= What is needed =
Set down exactly the lines below between the line holding "Ein weicher Lavendel, lila" and the line holding "[서울=뉴시스] 유자비 기자", inclusive; no other line belongs in the answer.
START Supplied records
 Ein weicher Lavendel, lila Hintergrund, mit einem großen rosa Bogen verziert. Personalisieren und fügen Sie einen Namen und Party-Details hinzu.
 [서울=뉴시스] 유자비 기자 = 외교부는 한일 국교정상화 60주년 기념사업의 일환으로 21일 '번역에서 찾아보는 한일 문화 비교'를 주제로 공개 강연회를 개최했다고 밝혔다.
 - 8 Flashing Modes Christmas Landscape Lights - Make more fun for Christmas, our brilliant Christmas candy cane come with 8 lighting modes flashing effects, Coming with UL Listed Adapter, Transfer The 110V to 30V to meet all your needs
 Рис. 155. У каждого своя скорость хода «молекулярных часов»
END Supplied records
START Supplied records
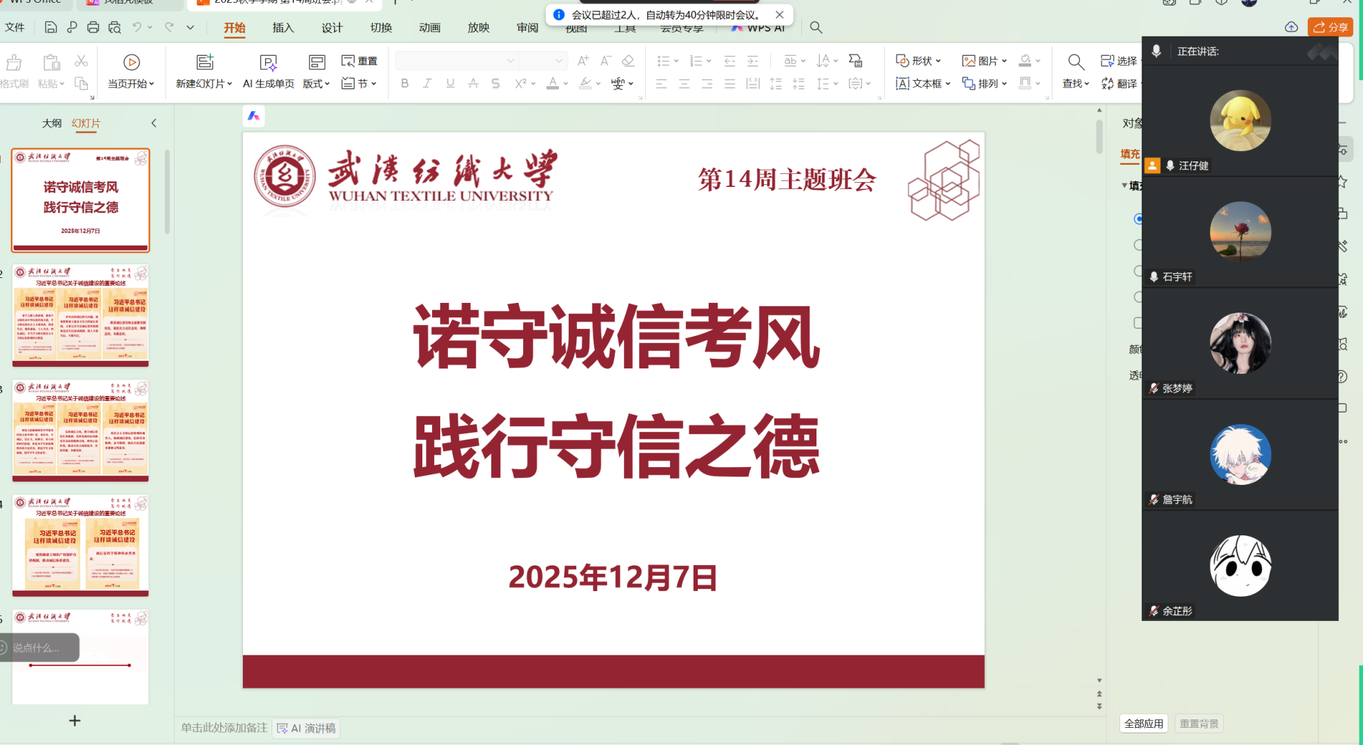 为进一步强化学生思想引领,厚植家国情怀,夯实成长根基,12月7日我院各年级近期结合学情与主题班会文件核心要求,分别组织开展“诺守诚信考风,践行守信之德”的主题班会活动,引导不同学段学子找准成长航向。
END Supplied records
= Response to the task =
 Ein weicher Lavendel, lila Hintergrund, mit einem großen rosa Bogen verziert. Personalisieren und fügen Sie einen Namen und Party-Details hinzu.
 [서울=뉴시스] 유자비 기자 = 외교부는 한일 국교정상화 60주년 기념사업의 일환으로 21일 '번역에서 찾아보는 한일 문화 비교'를 주제로 공개 강연회를 개최했다고 밝혔다.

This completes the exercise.